Running a background check is a multi-staged process which consists of both automated and manual steps. An automated step might be reaching out to a microservice to do a search in a database we maintain or sending a request to a court researcher at a court house. This might be followed by analyzing each record via another microservice and, depending on the result, escalating to a quality assurance expert to manually review a record before sending downstream. This whole process could take minutes, hours, or even days.
How was this solved before:
Although validation is a background process which can take days, it's often the blocker for slow background checks. This means validation is a critical process and Checkr needs a scalable method of managing a huge number of parallel validations. Furthermore, the moment any validation finishes, appropriate action needs to be taken based on the result.
Until switching to Temporal, Checkr solved this problem using an in-house solution powered by standalone databases and Kafka queues. As this was not a general purpose workflow system, Checkr developers were also required to implement a complex state machine to ensure the consistency of the validation process. It didn't take long for the true cost of this in-house solution to become apparent:
- It's homegrown nature meant that there were no official mechanisms provided for updating the state machine running in the live system.

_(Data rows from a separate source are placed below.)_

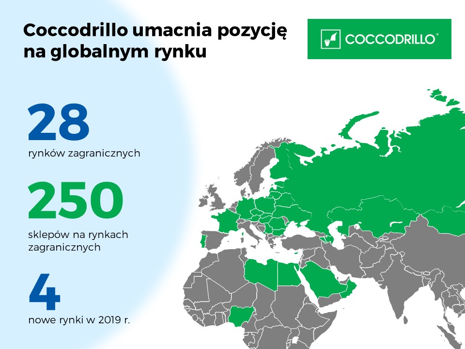Wzrasta dostępność i rozpoznawalność produktów Coccodrillo na świecie. Marka dostępna jest już na 28 rynkach zagranicznych. Tylko w tym roku firma pojawiła się w czterech nowych krajach i otworzyła kolejne punkty sprzedaży w Czechach, Czarnogórze, Rosji i na Łotwie.
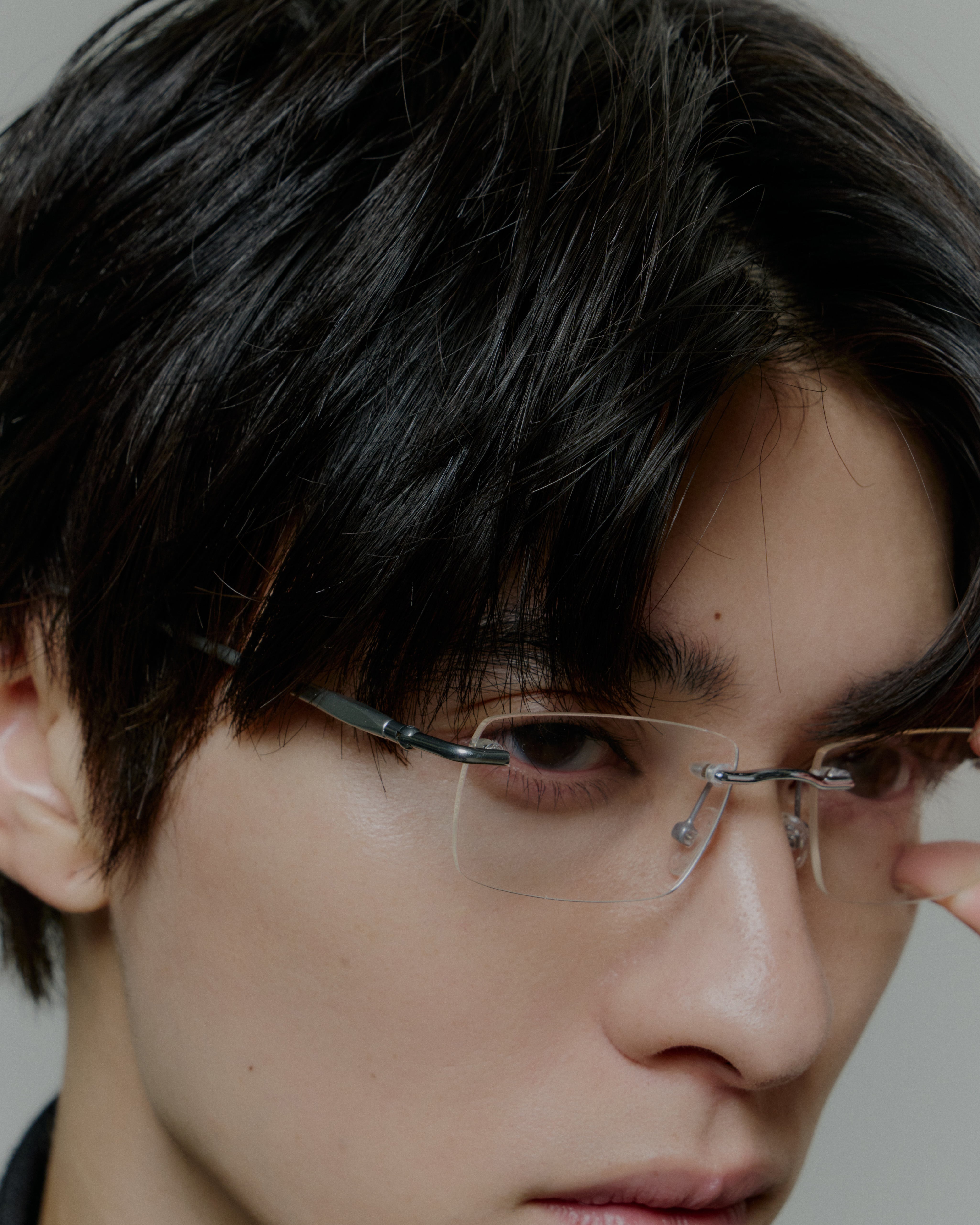 商品説明:コーデのワンポイントになるヌーディーな縁なしリムレスクリアサングラス。これ1本でナードな印象に。
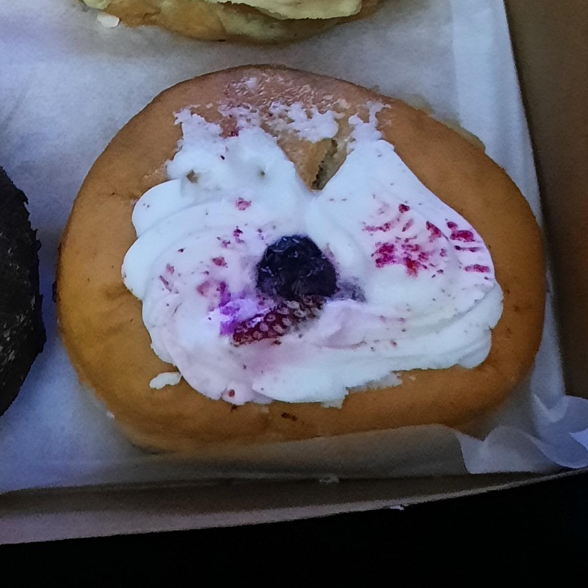 Dona de vainilla frita, rellena de pastelera vegana, mermelada de berries, cubierta de merengue vegano, berries, chunkies crocantes de nuestro merengue y polvo de frambuesa, eso se suponía al menos, pero creo que nos jodieron con la cubierta, difiere mucho de las fotos que suben a sus redes sociales 🍩

- New hires were immediately required to study and understand the Checkr specific state machine architecture, regardless of the team/area they were hired for.
- Even when things went as expected, the system was not as reliable as desired.
A Clear Need for Change:
Checkr was confronted with the challenge of finding a solution that would fit their arbitrary-length workflow needs and scale with their growth. A number of candidate workflow systems were considered:
- AWS Step Functions
- Netflix Conductor
- Apache Airflow
And judged against key requirements:
- vendor lock-in
Going into the process, there was a strong belief that a DSL (Domain Specific Language - such as SQL) based workflow solution was going to be the best bet. After Checkr engineers prototyped some workflows in code with Temporal, they started to reconsider the need for a DSL. The short experiment had convinced them that understanding and testing workflows written as code was fundamentally easier than with a DSL.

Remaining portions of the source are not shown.